Em alguns casos a proposta da Comissão subverte completamente a natureza que o orçamento da UE deve ter, obrigando países menos desenvolvidos a suportar maiores contribuições para o orçamento do que os países mais desenvolvidos através desses novos recursos próprios. Seria o caso de Portugal, por exemplo, a propósito do tabaco e dos produtos eléctricos e electrónicos.

Com tudo isto, assim se mandaria às malvas a determinação de que o orçamento da UE deve compensar os países que sofrem os impactos negativos da integração, do mercado único, da moeda única e das políticas comuns.

Por último, a Comissão faz uma distribuição de cortes, aumentos e desvios orçamentais que é muito reveladora das opções e orientações da UE.

Corta cerca de 11% nos fundos da coesão, incluindo o Fundo Social Europeu +. Nos fundos associados à Política Agrícola Comum (PAC) e às Pescas o corte poderá ser da ordem dos 10% mas existem estudos que apontam para que chegue aos 30% no caso da PAC.

Os fundos do Horizonte Europa (ciência), do Erasmus+ (educação) e parte do LIFE (ambiente e acção climática), entre outros, são desviados para criar o chamado Fundo para a Competitividade destinado a beneficiar grandes empresas multinacionais.

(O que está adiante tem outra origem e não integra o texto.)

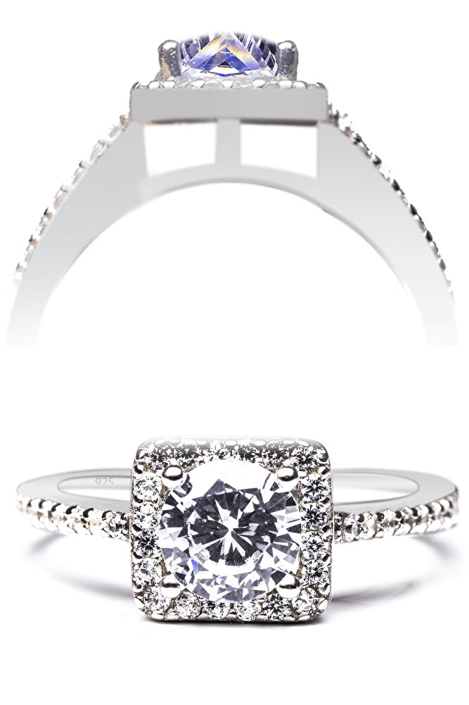 Yoğun Swarowski Taşlı Zirkon Işlemeli Tektaş Gümüş Yüzük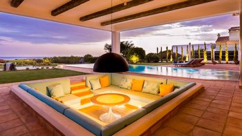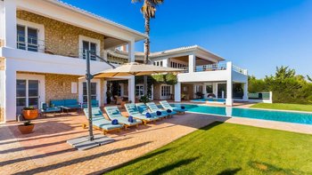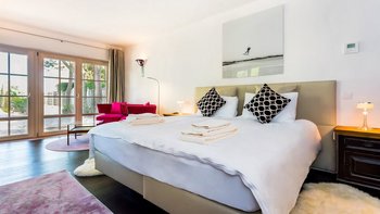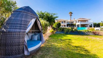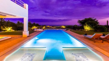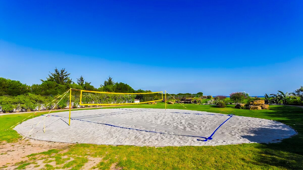 Treten Sie nach draußen und entdecken Sie eine private Oase für ultimative Entspannung. Im Mittelpunkt steht ein beheizter Pool, umgeben von Liegestühlen und wunderschön angelegten Gärten. Deren Dachterrasse mit Jacuzzi und gemütlichem Sitzbereich ist ein hervorragender Ort, um sich zu entspannen und die Landschaft zu genießen. Des Essens im Freien ist ein Genuss, mit einem Grillplatz und schattigen Sitzgelegenheiten für lange, gemütliche Mittagessen. Für Gäste, die aktiv bleiben möchten, verfügt die Villa auch über einen eigenen Volleyballplatz und einen eigenen Fitnessraum. Schließlich befindet sich im Gartenanbau ein zusätzliches Zweibett-Schlafzimmer, das sich ideal für Familien mit mehreren Generationen eignet.

Já as verbas destinadas ao militarismo são significativamente aumentadas, sendo que os montantes previstos no actual QFP para a mobilidade militar são multiplicados por 10 (!!). A acrescer a este aumento, as verbas de outros fundos e programas, nomeadamente os que são fundidos nos PNRP, podem ser igualmente desviadas para investimentos na militarização.

Quem achar que esta é uma discussão distante das nossas vidas que se desengane. É do nosso futuro e do futuro das nossas vidas que se está a tratar naquele orçamento.